Starting at the line with "Tamaño de la", copy each line through the last one below exactly as written, without any pictures.

- [Data for processing]
★ ★ ★ ★ ★
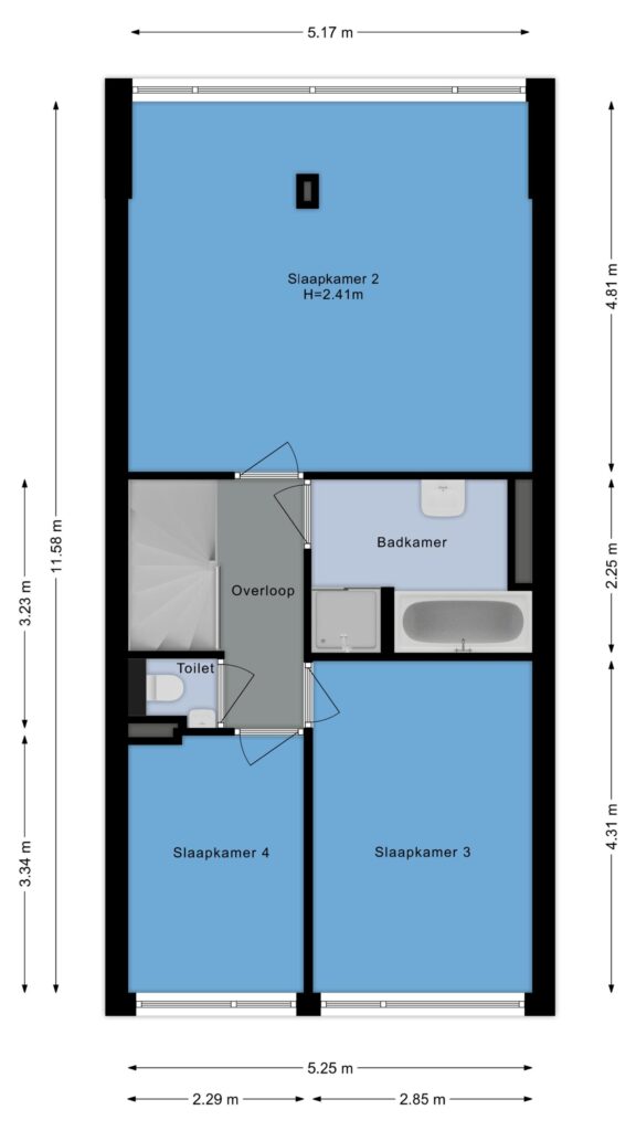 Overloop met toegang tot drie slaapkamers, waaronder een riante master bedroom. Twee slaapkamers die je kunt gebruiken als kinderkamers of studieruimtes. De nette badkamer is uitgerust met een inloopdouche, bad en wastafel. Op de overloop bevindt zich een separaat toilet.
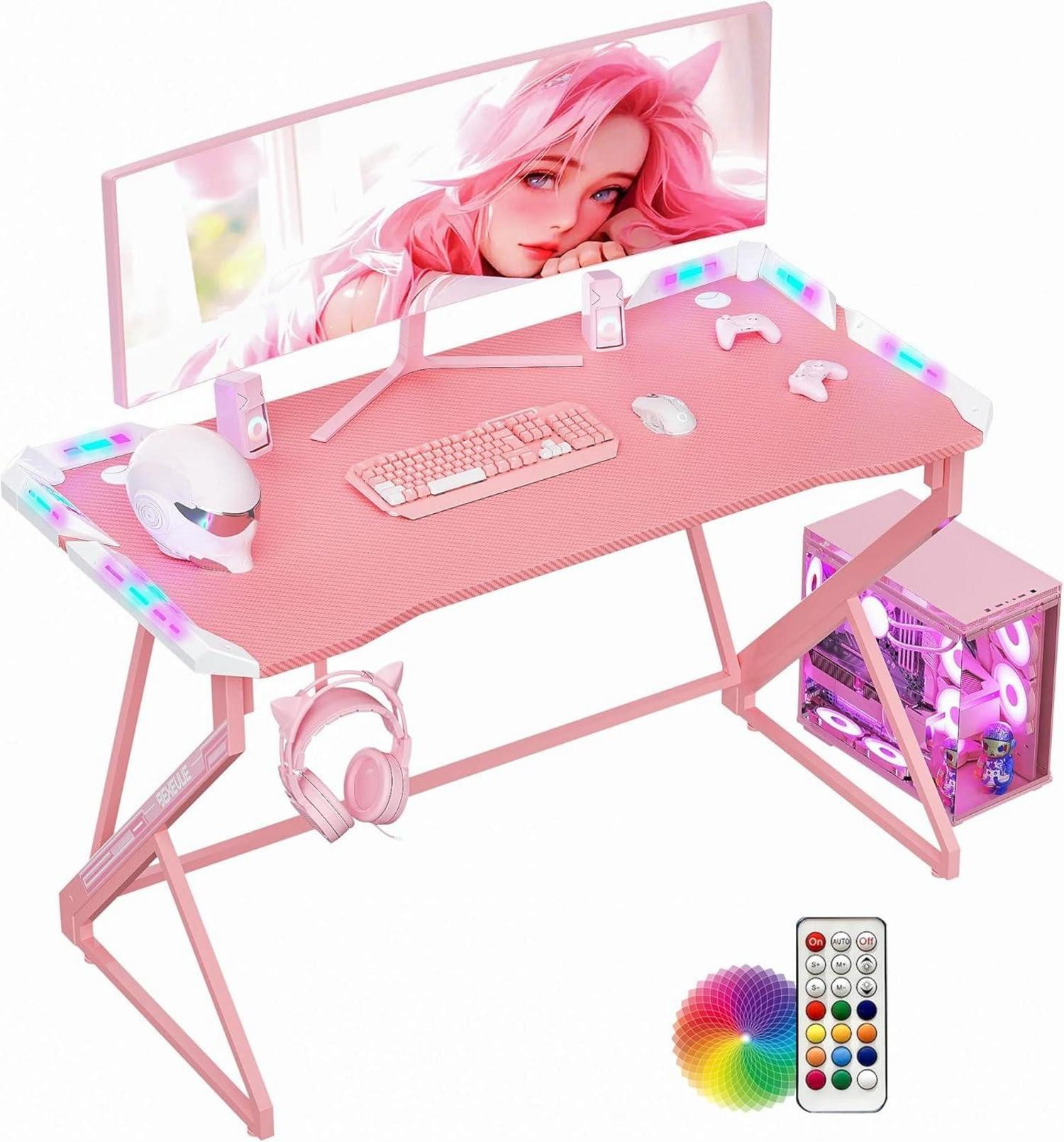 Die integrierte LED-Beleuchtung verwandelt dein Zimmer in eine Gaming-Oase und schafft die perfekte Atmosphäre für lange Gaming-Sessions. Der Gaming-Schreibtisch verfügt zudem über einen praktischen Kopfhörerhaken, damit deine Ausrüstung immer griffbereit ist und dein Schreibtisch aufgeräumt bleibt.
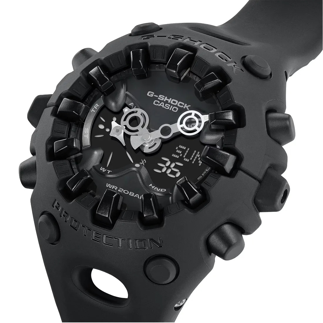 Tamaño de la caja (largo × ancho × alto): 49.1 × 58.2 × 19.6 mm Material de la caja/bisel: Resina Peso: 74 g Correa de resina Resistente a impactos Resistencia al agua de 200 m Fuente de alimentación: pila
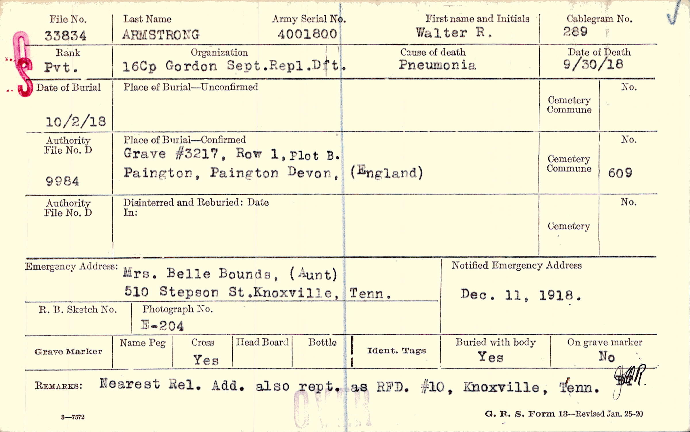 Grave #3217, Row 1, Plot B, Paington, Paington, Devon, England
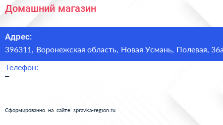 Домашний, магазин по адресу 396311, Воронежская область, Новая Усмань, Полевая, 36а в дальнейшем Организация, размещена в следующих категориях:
★ ★ ★ ★ ★
- [Response box]
 Tamaño de la caja (largo × ancho × alto): 49.1 × 58.2 × 19.6 mm Material de la caja/bisel: Resina Peso: 74 g Correa de resina Resistente a impactos Resistencia al agua de 200 m Fuente de alimentación: pila
 Grave #3217, Row 1, Plot B, Paington, Paington, Devon, England
 Домашний, магазин по адресу 396311, Воронежская область, Новая Усмань, Полевая, 36а в дальнейшем Организация, размещена в следующих категориях:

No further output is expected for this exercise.